It's fair to say that the D&C takes its share of knocks around the City newsroom; we gloat when we scoop them and bitch and make lame excuses when they scoop us. We laugh, like the liberal-elitist-intellectuals we are accused of being, at the D&C's Teddy Geiger worship or innovations like ROC Pets.
We're competitors, after all.
But today, while Tim grinds away on deadline and Jeremy's off chasing down a lead, we're all thinking about our Exchange Street counterparts. The D&C is cutting 59 positions - including longtime sports writer Scott Pitoniak - as part of a Gannett staff reduction that will shrink the company's workforce by 10 percent. The cuts are being carried out this week.

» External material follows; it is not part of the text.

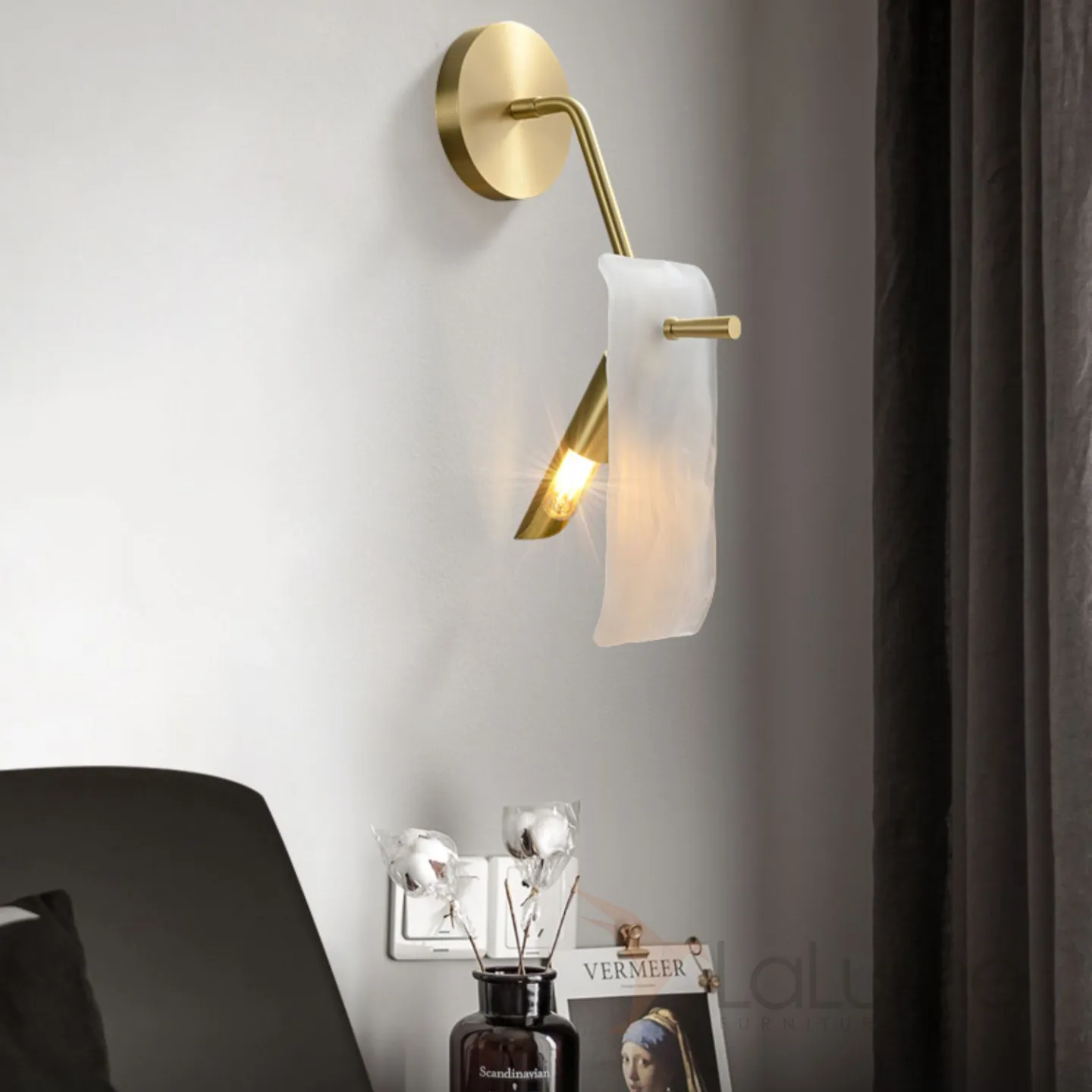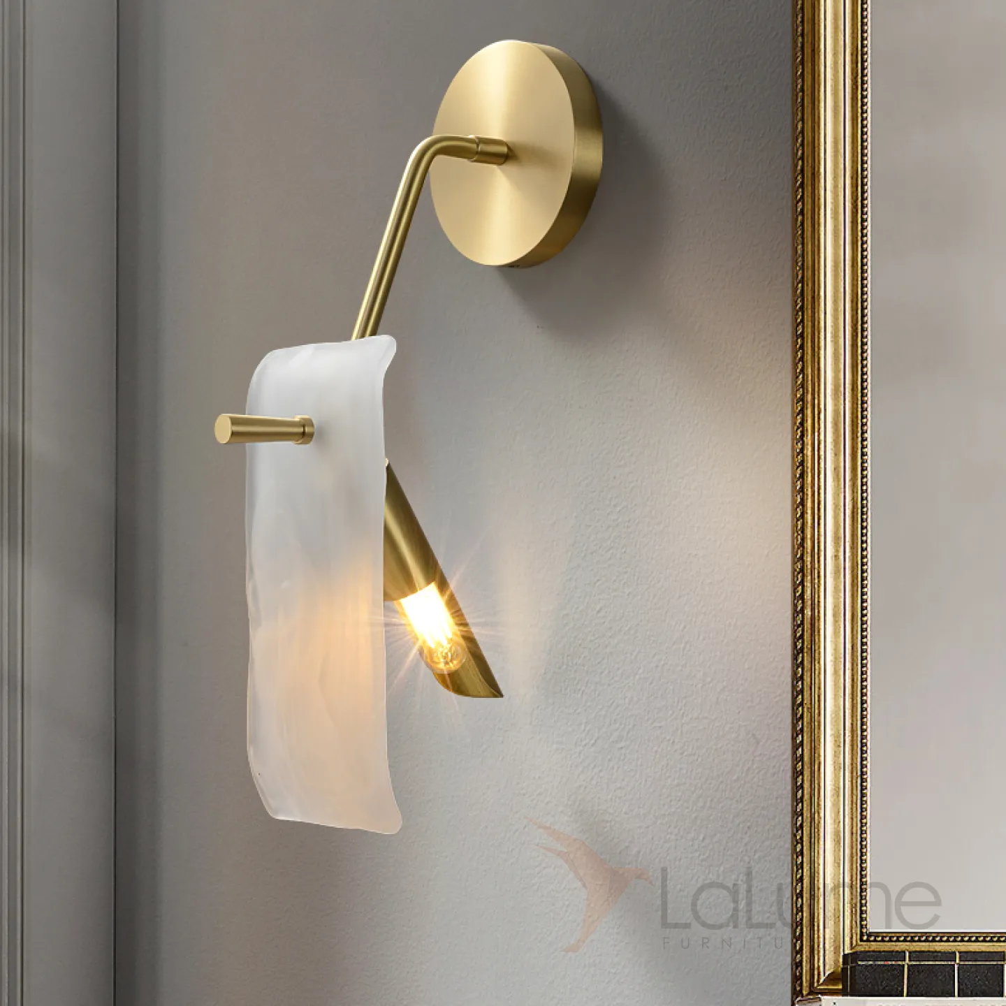 Настенный светильник с прямоугольным рассеивателем из стекла с морозным эффектом на угловом кроншейне HELMAR WALL
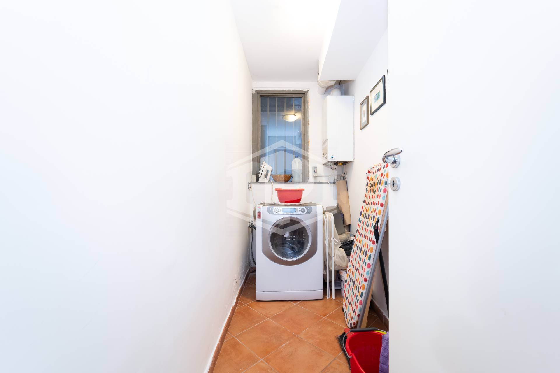 Collegata alla camera, un pratico disimpegno che ospita: cucina in nicchia con piano a induzione, forno e frigorifero, bagno con vasca e termoarredo, comoda lavanderia con lavatrice/asciugatrice e caldaia

There's no doubt that our industry is changing. Some of the changes are good. I can't imagine, for example, how journalists did their jobs before the Internet - although I suspect that some were more than a little "generous" with facts and, looking over articles from "the day," I get the impression that stories often wandered over into advocacy and commentary instead of straight-up journalism.
We can talk about the few rotten apples like Jayson Blair and Janet Cooke, whose actions somehow condemn a whole profession, all day. And while I've known reporters who routinely rewrite a few lines of a press release, grab a single live quote, and then sit back and wait for the Pulitzer board to call - most of us are here because we love it despite the long hours and deadline pressures - or because of them - and simply could not imagine doing anything else.
It's not glamorous. Whenever people talk about the "glamour" of my profession, I want to send them to cover flooding or a house fire. You spend a lot more time knee-deep in mud than up in the penthouse waiting for Superman to drop in.
And you're no one's top priority. Believe me on that.
But it's a passion. A calling. And it's important, if you do it right. If you love it, you wake up every morning completely aware of the privilege you've been given - precious inches in a newspaper - and of the responsibility to get it right. If you love it, you skip the family whatevers and pretend it's a sacrifice; the dirty little secret is that you'd almost always rather be at work.
If you love it, it's like nothing else in the world.
And so we know what it would feel like to have that taken away. And we're sorry for those Gannett employees - especially at the D&C - who are losing so much this week.